▶ _TRY IT_
The lines below, from the one containing "Biały stelaż dodaje" through the one containing "圖5毛細(xì)管內(nèi)半徑標(biāo)定結(jié)果", should be set down exactly, with no pictures and nothing else.

···

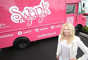Jody Mallonee, owner of Swank Boutique Inc. in north Spokane, is driving women's fashion to new customers, literally, by taking to the streets with a bright pink former tool truck that holds a sampling of the store's merchandise. Called Swank to
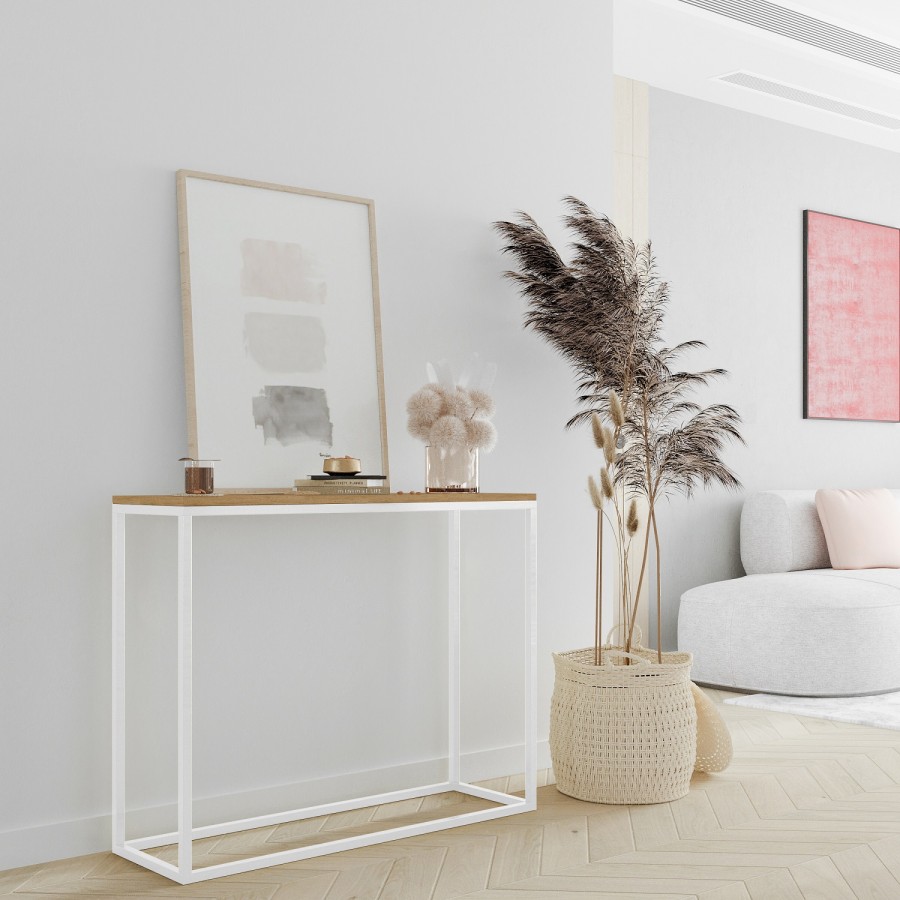 Biały stelaż dodaje konsoli lekkości i nowoczesnego wyglądu, natomiast blat w kolorze dąb wotan wprowadza ciepło i naturalny urok. Ta harmonijna kombinacja kolorów i materiałów doskonale komponuje się w różnych aranżacjach wnętrz, nadając im wyjątkowego charakteru.
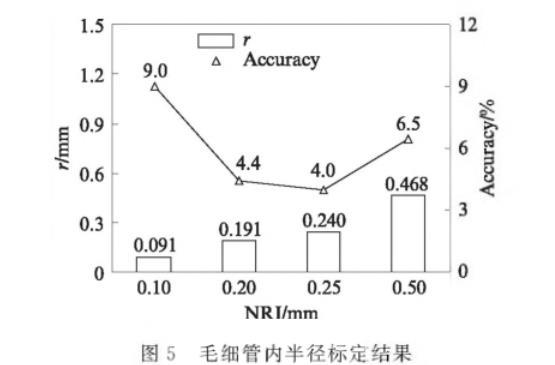 圖5毛細(xì)管內(nèi)半徑標(biāo)定結(jié)果
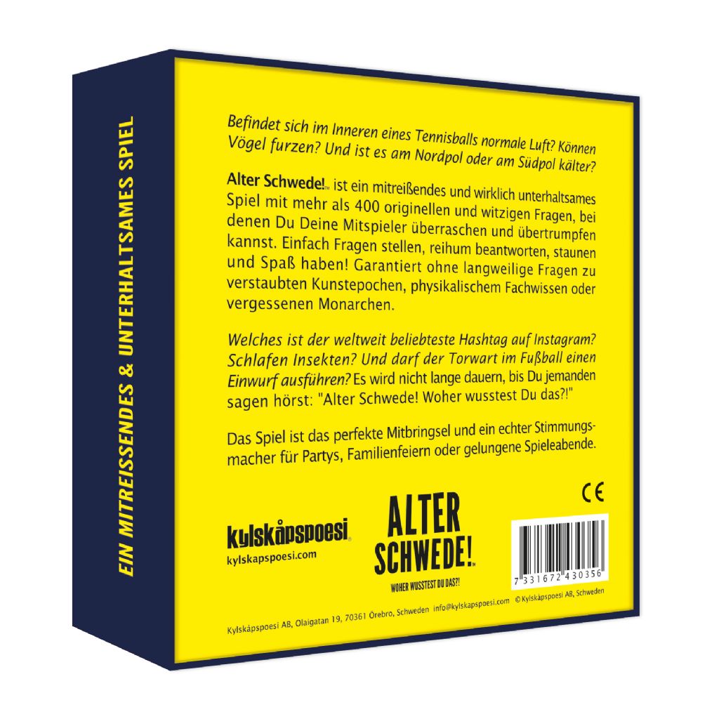 Alter Schwede! ist ein mitreißendes und wirklich unterhaltsames Spiel mit mehr als 400 originellen und witzigen Fragen, bei denen Du Deine Mitspieler überraschen und übertrumpfen kannst. Einfach Fragen stellen, reihum beantworten, staunen und Spaß haben! Garantiert ohne langweilige Fragen zu verstaubten Kunstepochen, physikalischem Fachwissen oder vergessenen Monarchen.
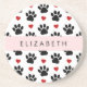 Pattern Of Paws, Black Paws, Red Hearts, Your Name Coaster
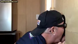 Gloryhole BJ DILF barebacked in butt in homemade anal sex
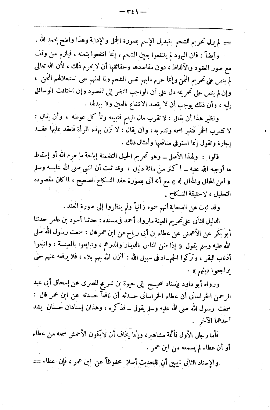 قالوا ولهذا الأصل وهو تحريم الحيل المتضمنة إباحة ما حرم الله أو إسقاط ما أوجبه الله عليه أكثر من مائة دليل وقد ثبت أن النبي لعن المحلل والمحلل له مع أنه أتى بصورة عقد النكاح الصحيح لما كان مقصوده التحليل لا حقيقة النكاح
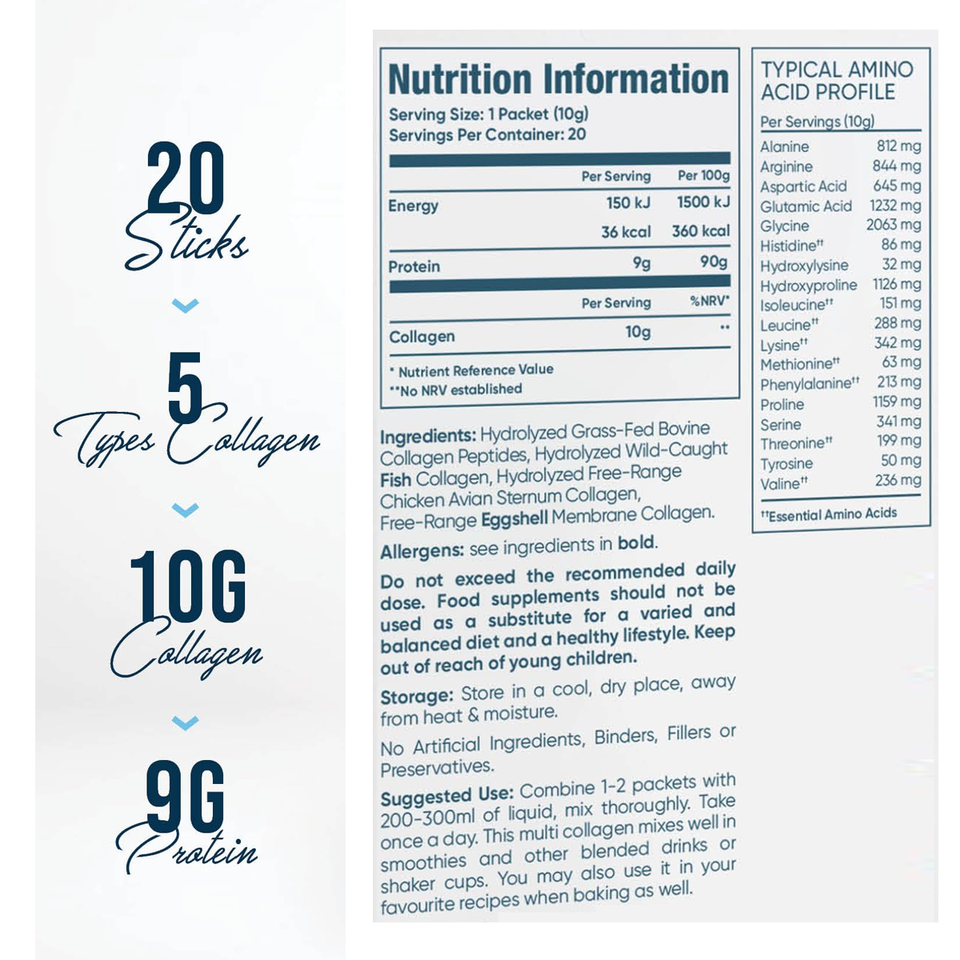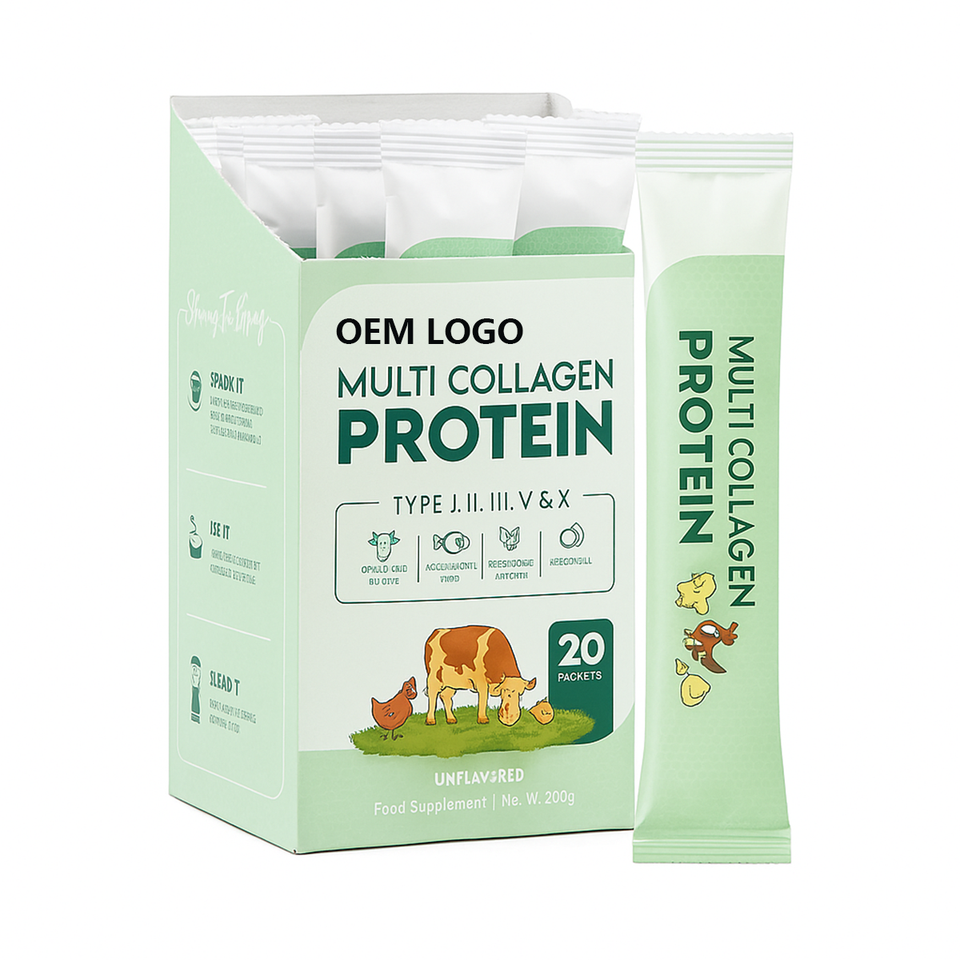 ผงโปรตีนคอลลาเจนหลายชนิด OEM ผสมกรดไฮยาลูโรนิกและวิตามินซี สำหรับเสริมสร้างความงามของผิวและบำรุงเส้นผม

···

▶ _SOLUTION TO THE PROBLEM_
 Biały stelaż dodaje konsoli lekkości i nowoczesnego wyglądu, natomiast blat w kolorze dąb wotan wprowadza ciepło i naturalny urok. Ta harmonijna kombinacja kolorów i materiałów doskonale komponuje się w różnych aranżacjach wnętrz, nadając im wyjątkowego charakteru.
 圖5毛細(xì)管內(nèi)半徑標(biāo)定結(jié)果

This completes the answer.